Stored records
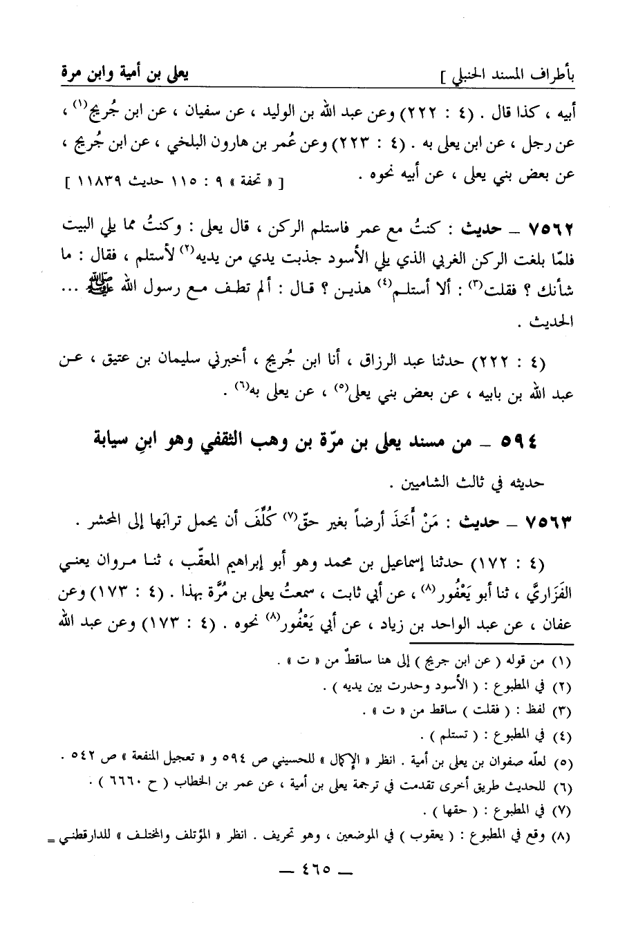 7562 - حديث: كنت مع عمر فاستلم الركن، قال يعلى: وكنت مما يلي البيت فلما بلغت الركن الغربي الذي يلي الأسود جذبت يدي من يديه لأستلم، فقال: ما شأنك؟ فقلت: ألا أستلم هذين؟ قال: ألم تطف مع رسول الله صَلَّى اللَّهُ عَلَيْهِ وَسَلَّمَ ... الحديث. (4: 222) حدثنا عبد الرزاق، أنا ابن جريج، أخبرني سليمان بن عتيق، عن عبد الله بن بابيه، عن بعض بني يعلى، عن يعلى به.
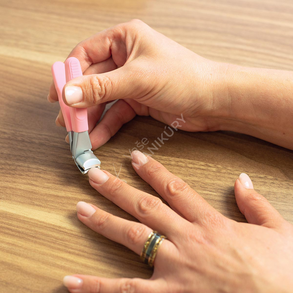 Nerezové kleštičky na nehty ERBE Solingen s měkkým protiskluzovým úchopem v elegantní růžové barvě.
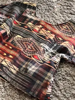 Hermoso top corto de manga larga y hombro caído con bonito estampado. Tiene abertura y lazo en espalda. Medidas ax a ax 42 cm, largo 39 cm.
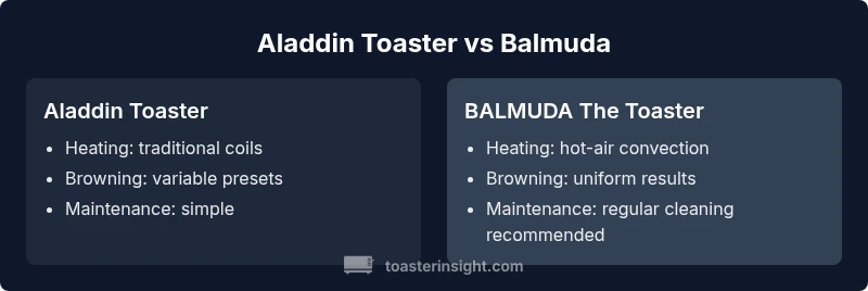 In the aladdin toaster vs balmuda comparison, Balmuda The Toaster generally delivers crisper, more uniform browning with a modern design, while the Aladdin Toaster remains a strong value choice with reliable performance and broad bread compatibility. For most homes, Balmuda suits toast enthusiasts who will pay a premium, whereas Aladdin offers solid results at a friendlier price. The aladdin toaster vs balmuda discussion highlights the trade-off between texture, price, and aesthetics.
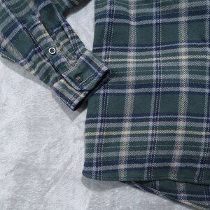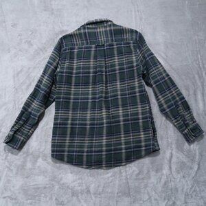 Woolrich Shirt Mens M Green Brawny Flannel Plaid Shacket Button Down Outdoors Chest and Side Pockets Multicolor Green Blue Yellow
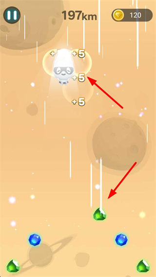 2、角色彈跳的過程會收集寶石,收集后會獲得數值加成,同時界面會顯示當前行進的距離,持續推進旅程。
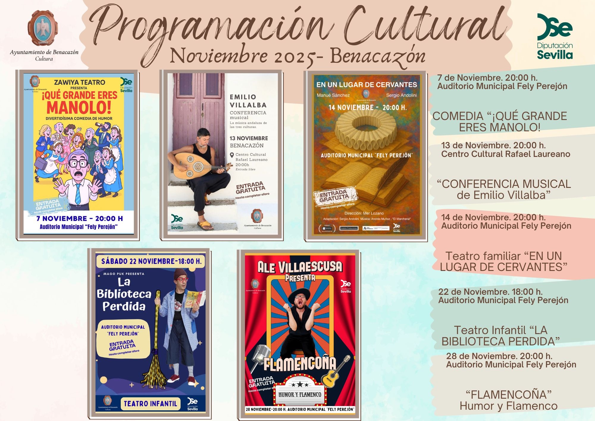 Esta es la nueva Programación Cultural para el mes de Noviembre, con actividades para todos los públicos, familiar, teatro de adultos y teatro infantil, organizada por la Concejalía de Cultura de Benacazón, a través del Programa 107 de la Diputación de Sevilla.
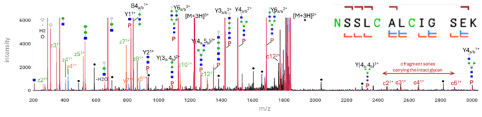 With OmniScape version 2026, Bruker introduces significant improvements for its proteomics de novo workflow. Notable advancements encompass the residue-specific score and visualization via a confidence sequence heatmap for results validation. In addition, the unique advantage of electron-based activation (ECD, EXD, and EID) on the timsOmni has been demonstrated for comprehensive glycopeptide analysis. Extended glycan structures were preserved on the peptide backbone, allowing further investigation into biologically highly relevant glycopeptide topology through MSn experiments (Figure 2). The versatility of timsOmni enables scientists to precisely localize glycan moieties and gain detailed insights into PTMs, advancing both structural and functional understanding of biological networks.

Exercise prompt »
Leaving out the pictures, repeat the data above exactly.

Task response »
 7562 - حديث: كنت مع عمر فاستلم الركن، قال يعلى: وكنت مما يلي البيت فلما بلغت الركن الغربي الذي يلي الأسود جذبت يدي من يديه لأستلم، فقال: ما شأنك؟ فقلت: ألا أستلم هذين؟ قال: ألم تطف مع رسول الله صَلَّى اللَّهُ عَلَيْهِ وَسَلَّمَ ... الحديث. (4: 222) حدثنا عبد الرزاق، أنا ابن جريج، أخبرني سليمان بن عتيق، عن عبد الله بن بابيه، عن بعض بني يعلى، عن يعلى به.
 Nerezové kleštičky na nehty ERBE Solingen s měkkým protiskluzovým úchopem v elegantní růžové barvě.
 Hermoso top corto de manga larga y hombro caído con bonito estampado. Tiene abertura y lazo en espalda. Medidas ax a ax 42 cm, largo 39 cm.
 In the aladdin toaster vs balmuda comparison, Balmuda The Toaster generally delivers crisper, more uniform browning with a modern design, while the Aladdin Toaster remains a strong value choice with reliable performance and broad bread compatibility. For most homes, Balmuda suits toast enthusiasts who will pay a premium, whereas Aladdin offers solid results at a friendlier price. The aladdin toaster vs balmuda discussion highlights the trade-off between texture, price, and aesthetics.
 Woolrich Shirt Mens M Green Brawny Flannel Plaid Shacket Button Down Outdoors Chest and Side Pockets Multicolor Green Blue Yellow
 2、角色彈跳的過程會收集寶石,收集后會獲得數值加成,同時界面會顯示當前行進的距離,持續推進旅程。
 Esta es la nueva Programación Cultural para el mes de Noviembre, con actividades para todos los públicos, familiar, teatro de adultos y teatro infantil, organizada por la Concejalía de Cultura de Benacazón, a través del Programa 107 de la Diputación de Sevilla.
 With OmniScape version 2026, Bruker introduces significant improvements for its proteomics de novo workflow. Notable advancements encompass the residue-specific score and visualization via a confidence sequence heatmap for results validation. In addition, the unique advantage of electron-based activation (ECD, EXD, and EID) on the timsOmni has been demonstrated for comprehensive glycopeptide analysis. Extended glycan structures were preserved on the peptide backbone, allowing further investigation into biologically highly relevant glycopeptide topology through MSn experiments (Figure 2). The versatility of timsOmni enables scientists to precisely localize glycan moieties and gain detailed insights into PTMs, advancing both structural and functional understanding of biological networks.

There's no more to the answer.